# Anybody out there!!!



## girlie (Jan 17, 2007)

Hi im from Brecon is there anybody out there!!!!


----------



## caz nox (Mar 9, 2005)

I am down the road - A4067 actually in Ystalyfera!


----------



## emzz (Feb 24, 2007)

I'm about an hour (ish) north from you in an ickle place called Knighton.

Em
x


----------



## sarahmonty (Jan 31, 2008)

girlie said:


> Hi im from Brecon is there anybody out there!!!!

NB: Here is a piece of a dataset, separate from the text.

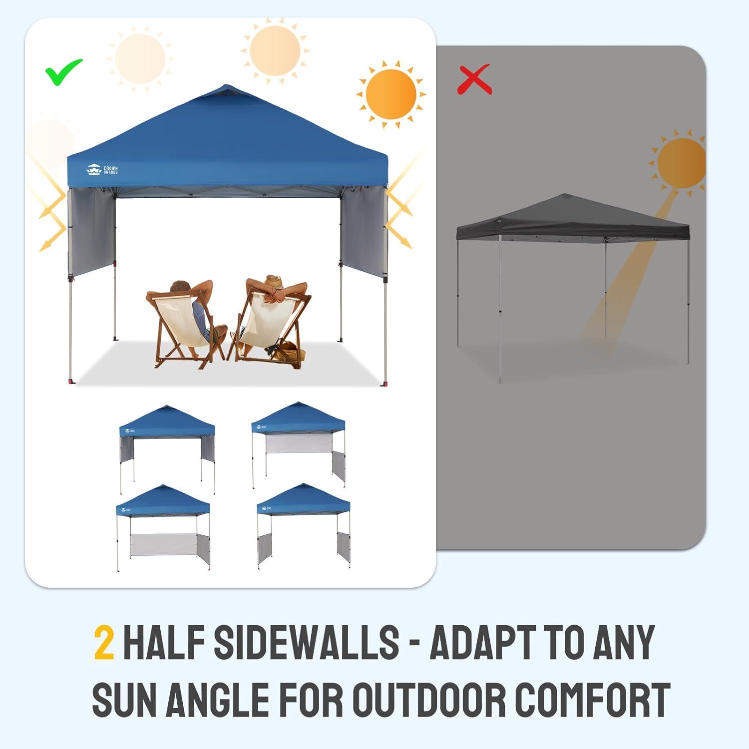 CROWN SHADES 10×10 Pop up Canopy Tent Instant Canopy with 150D Silver Coated Fabric Including 2 Half Sidewalls, 4 Ropes, 8 Stakes, 4 Weight Bags, STO ‘N Go Bag, White(Navy Blue)

      hi its sarah from pembrokeshire how are you?


----------



## Kazzz (Feb 20, 2008)

Hi 

Is there any one out there from Welshpool


----------



## tracy l houghton (Apr 28, 2008)

hi there just, just answering to your message is any body out there i live in builth wells just down the road are we the only two what stage are you at now i, m about to start my third time  if you get this message reply back it can get a bit lonely can t it  tracy h e.mail  [email protected]


----------



## jessfiveash (Sep 17, 2008)

i'm in newtown..


----------



## Kazzz (Feb 20, 2008)

Hello  

Is anyone having treatment at Shrewsbury - there is a great shropshire thread - this one is rather quiet.

There is a support group meeting next Thursday in Shrewsbury.

Kazzz
xx


----------